А более всего раздражает хозяйка. Она с большими претензиями, грубо и смешно хвастлива. Рассказ хозяйки «не с фольклора, а с фактов» мало вызывает доверия: в стиле красноармейского юмора времен гражданской войны повествует она о «нравных», гордых предках. Представления её плакатны, интонации наступательны. Смесь лозунгов и сословной напыщенности.

  «Сходных обличий были папаша с Владленом. Голоса хоть звучали по-разному, зато уж натура – одна! Случись бы Владлену стоять перед атаманом, поступил бы в точности, как его дед, объявивший атаману дуель…»

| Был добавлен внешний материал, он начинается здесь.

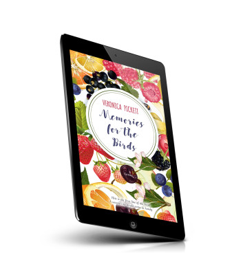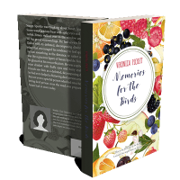 “A book cover with vibrant illustrations of various fruits and flowers surrounding a central circular area with the title and author's name.”

– Ду-ель! – раздельно произносит она, – и её мясистое красногубое лицо бледнеет от вдохновения…

– Его дед, мой папаша, – говорит она, – были горячими, весь в их родственника Емельяна Ивановича.

– Какого Емельяна Ивановича?

– А Пугачева.

  Слышится мне, что ли? Но нет, язык хозяйки повернулся именно так, она попросту не делает для своего сына иного, менее громкого происхождения». Он и «хвосты чужие не нюхал», и погиб, потому что не прятался за других, а те, кто прятался, «ездиют теперь за песнями» (вот так о госте – «энтелегенте», собирающем фольклор).

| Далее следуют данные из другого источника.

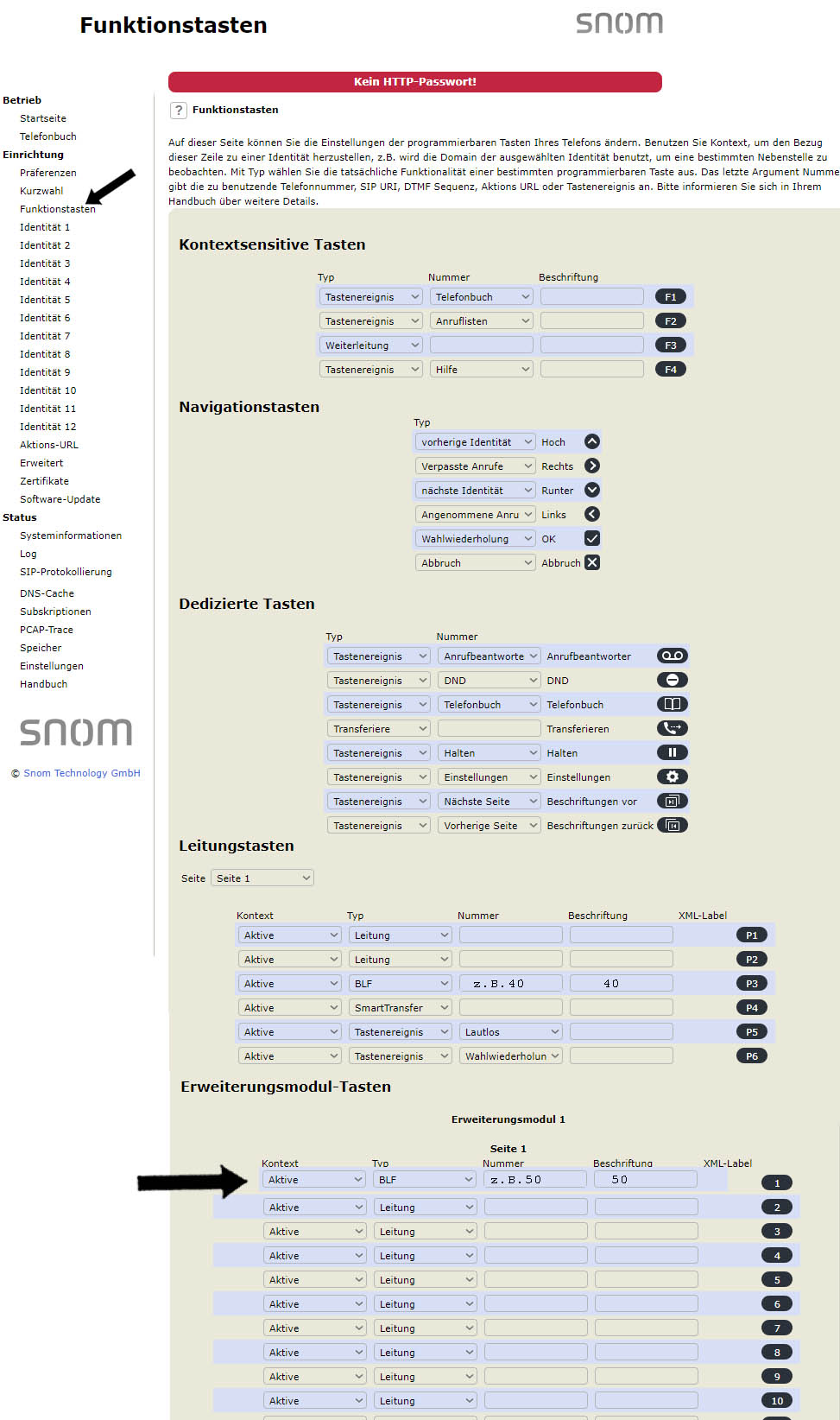 Abschnitt "Erweiterungsmodul-Tasten" die Formularfelder mit BLF und den

  Прочитав рассказ, испытав потрясение от полного погружения в завораживающую достоверность жизни героини, понимаешь, куда вел тебя писатель: видишь величие и красоту этого невыдуманного, из жизни выхваченного трагического образа материнской любви – тоски о сыне, наверное, хилом и ограниченном пареньке.

– Была бы где-нибудь в этих краях могила Владлена, старуха носила бы туда ковыль, полевые синюки, но могилы нет, и Ольга Иудовна произносит редкостное, где-то подхваченное слово «дуель», как может украшает память о хлопце – зоотехнике.

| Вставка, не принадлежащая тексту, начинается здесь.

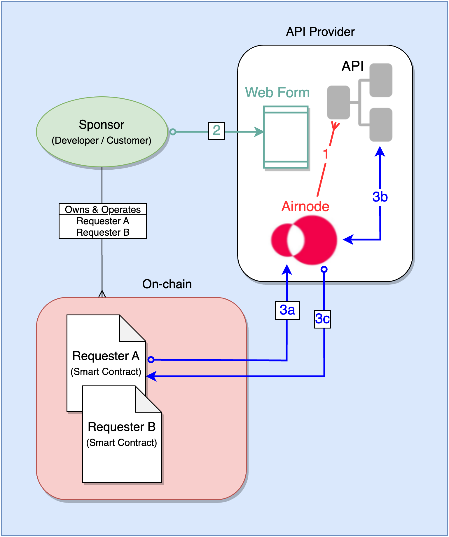 A sponsor is the developer of an on-chain smart contract that wishes to request off-chain data from an API provider. A sponsor has a know sponsorAddress. The API provider can request the sponsorAddress from the sponsor using a webform as part of a paid subscription setup.

  И уже не смеешься над её претензиями, но сам очеловечиваешься, понимаешь, что научился важному искусству понимания и сочувствия на более глубоком уровне, преодолеваешь собственную душевную косность.

Созданная на стандартах эстетика не восприняла такую героиню. Официальной критикой рассказ замечен не был. Народный космос ей оказался неинтересен. 

* * *

   Жилось Владимиру Дмитриевичу всегда трудно. Он работал медленно, искал детали, слова. В последние годы, когда жил в Старочеркасске, написал книжку о тюрьме, где сидел в конце тридцатых по политическому обвинению, набрасывал заметки о Твардовском, с которым был дружен. Возраст брал свое (ему было уже под 80), но он не жаловался, возился на дачке: копал, ремонтировал домик. Только однажды, когда я рассказывала о своих матери и бабке, – я не понимала, как им, старым, трудны были обычные заботы – он вскинулся, признательно посмотрел на меня: «Да, молодые не понимают!» И как-то надолго замолчал.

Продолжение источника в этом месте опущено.